According to the flight leader, after takeoff, about 100 feet above ground level, the No. 3 airplane made a left turn, the nose went down, and the airplane departed controlled flight. The smoke system then turned on, and the airplane impacted the ground.
According to the pilot in the No. 4 airplane, who was the accident pilot’s wingman in the 2nd section, they had just taken off, and he was sliding into position on the right side of the No. 3 airplane. Normally at that point, the accident pilot would look at him to check that his landing gear was up; but he did not. The pilot in the No. 4 airplane noted that the accident airplane’s landing gear was retracting and the airplane was starting to decelerate. He also heard, over the radio frequency that they used for communication between the airplanes, the accident pilot transmit, “Three’s got an emergency.” The No. 3 airplane turned to the left, and as it rolled through about 20° of bank, the airplane slowed further, and the bank continued to increase as the airplane descended. The smoke system then came on, the airplane impacted the ground, and a post-impact fire ensued.

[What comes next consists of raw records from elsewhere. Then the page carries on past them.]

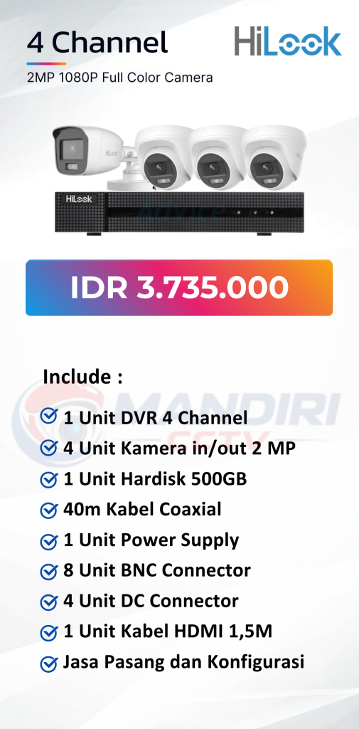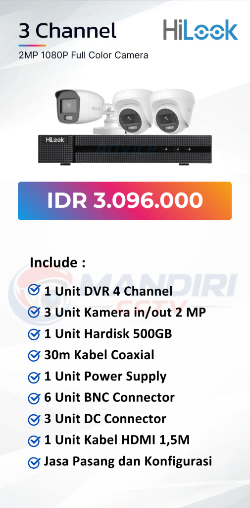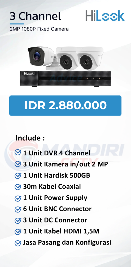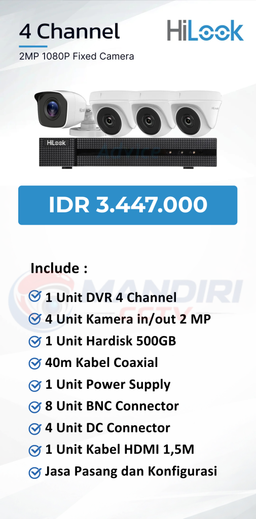 - 3. Garansi DVR/NVR dan kamera 2 tahun, harddisk 1 tahun serta garansi instalasi 1 bulan.
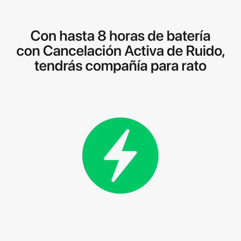 MAYOR DURACIÓN DE LA BATERÍA — Disfruta hasta 8 horas de audio con Cancelación Activa de Ruido con una sola carga.
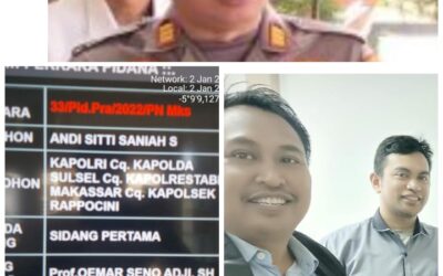 PIRNAS.COM | MAKASAR – Gugatan peraperadilan dengan nomor register perkara 33/Pld.Pra/2022/PN.Mks yang berlangsung pada senin 2 Januari 2023 ,sekitar pukul 11.11.40 wita lalu, Pengacara ibu Siti Muh Shirul Haq.SH,sangat menyesalkan atas prilaku institusi penegak hukum Polsek Rappicini Sulawesi selatan, “Dimana tidak menghadiri pemanggilan di pengadilan negri kota makassar. Dengan tidak menghadiri sidang gelar perkara melalui …
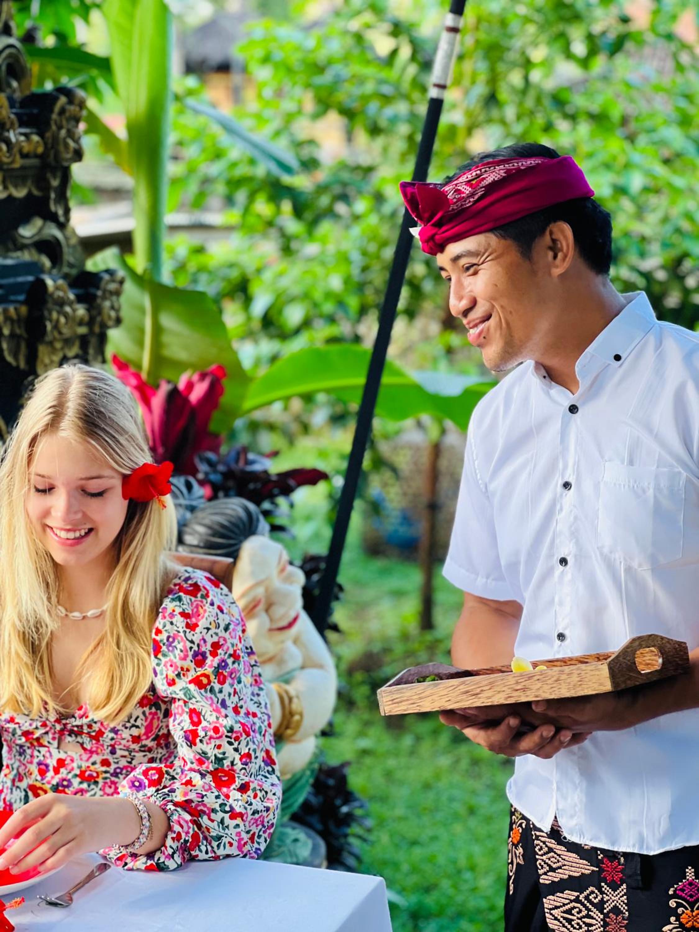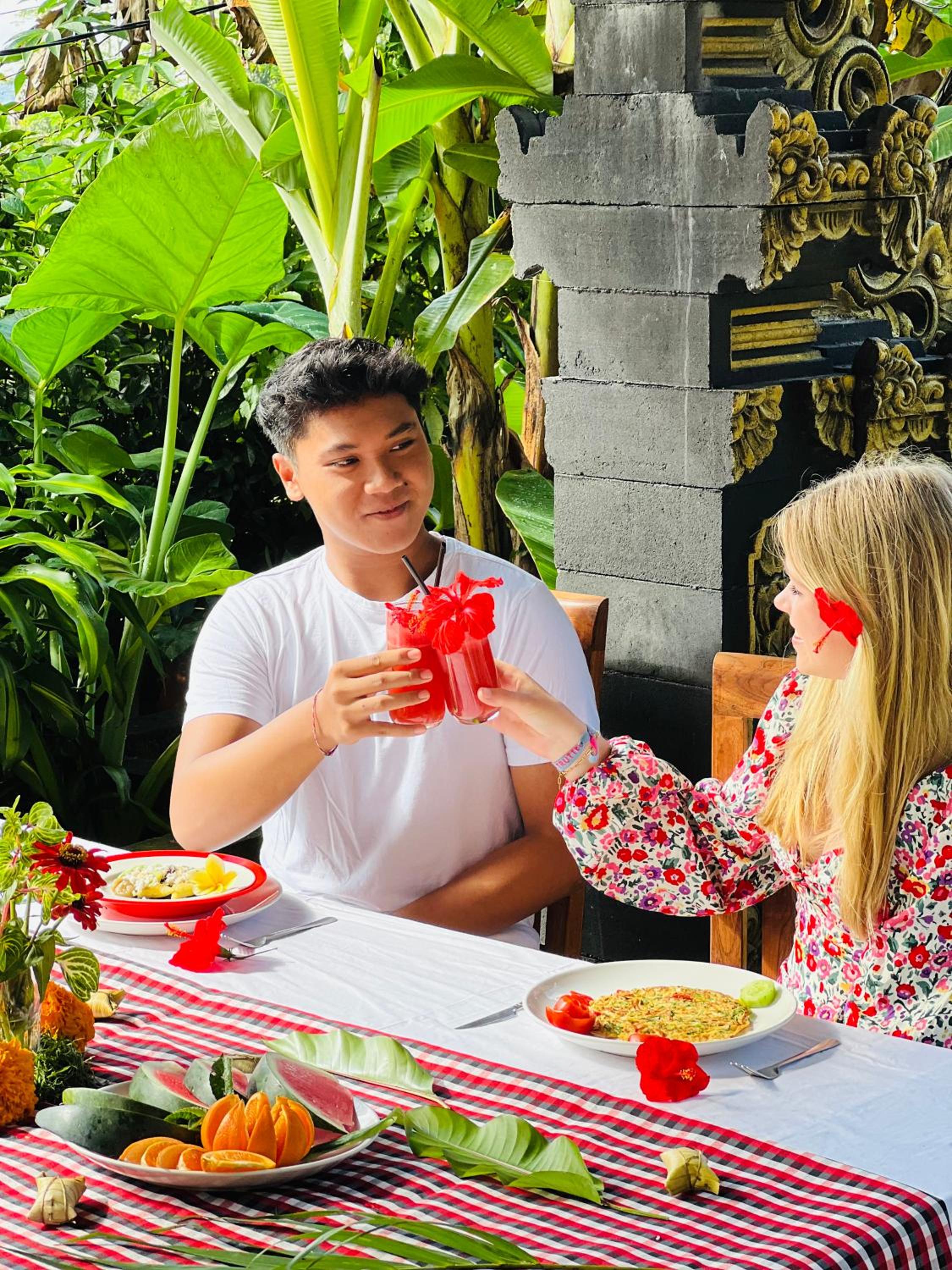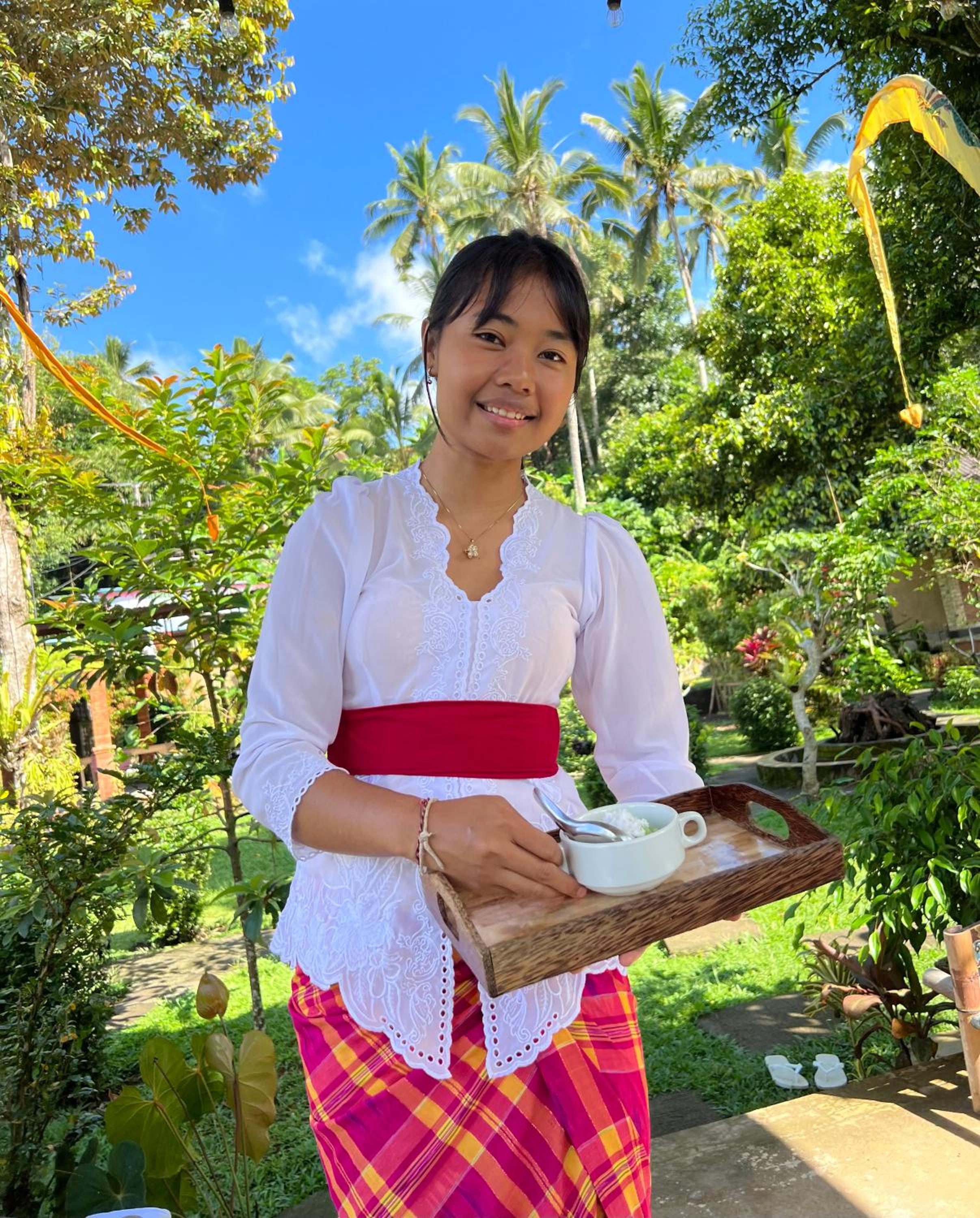 Het was anders dan onze andere accommodaties in bali. Zoals de eigenaar zelf ook zegt, het is een homestay. Dat betekent dat er wat minder zelf te kiezen valt. Er is geen ontbijt- of dinermenu maar eten wat de pot schaft :-)
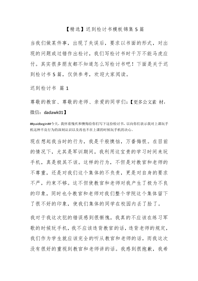 【精选】迟到检讨书模板锦集5篇此内容为付费资源,请付费后查看
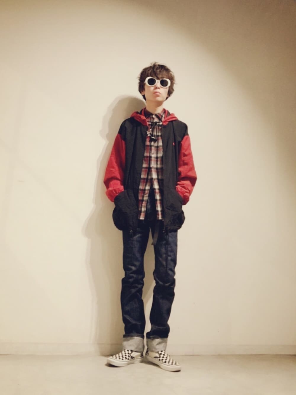 #7 ジャケットのフード部のアジャスター、 ウールシャツのボタンの留め方で Aラインと昔のストリートスタイル意識。 開いた部分からガチャベルト見せ。 サングラス、スニーカー以外、古着です。
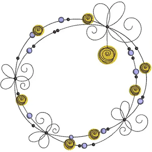 This digital machine embroidery design features a circular arrangement featuring stylized flowers, spirals, and beads in yellow and purple hues intertwined with delicate black lines. Available in all hoop sizes.
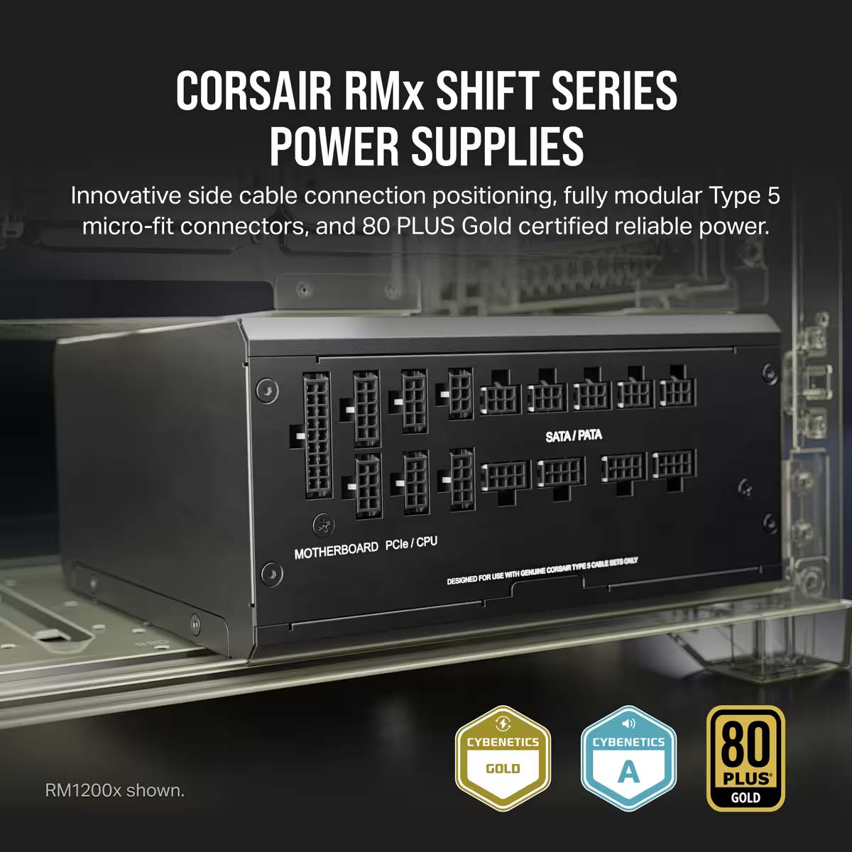Nguồn CORSAIR RM1000X SHIFT 80 PLUS 1000W GOLD FULL MODUL là PSU – Nguồn máy tính có công suất định mức lên đến 1000W, hỗ trợ máy tính hoạt động mạnh hơn và hoàn toàn không gây quá tải.

A video provided by a witness on the ground captured popping noises similar to back-firing of the engine before the airplane turned left and pitched down to ground contact. No black smoke was observed emanating from the airplane before the accident. PERSONNEL INFORMATIONAt the time of the accident, the pilot was employed as a first officer for a 14 CFR Part 121 air carrier. The pilot was a graduate of the United States Air Force Academy and had served in the United States Air Force (USAF). During his time in the USAF, he flew the T-34C, T-6 (Texan II), C-5, C-21, and MC-12. He held type ratings for several transport category airplanes and also held a flight instructor certificate with ratings for airplane single and multiengine, instrument airplane, and glider. His most recent FAA first-class medical certificate was issued on January 4, 2021. On that date, he reported that he had accrued 7,006 total flight hours. AIRCRAFT INFORMATIONThe accident airplane was a low-wing monoplane of conventional metal construction. It was equipped with retractable landing gear, wing flaps, and a two-blade, constant speed propeller. It was powered by a 600-horsepower, Pratt & Whitney R-1340-AN-1, 9-cylinder, air cooled, radial engine.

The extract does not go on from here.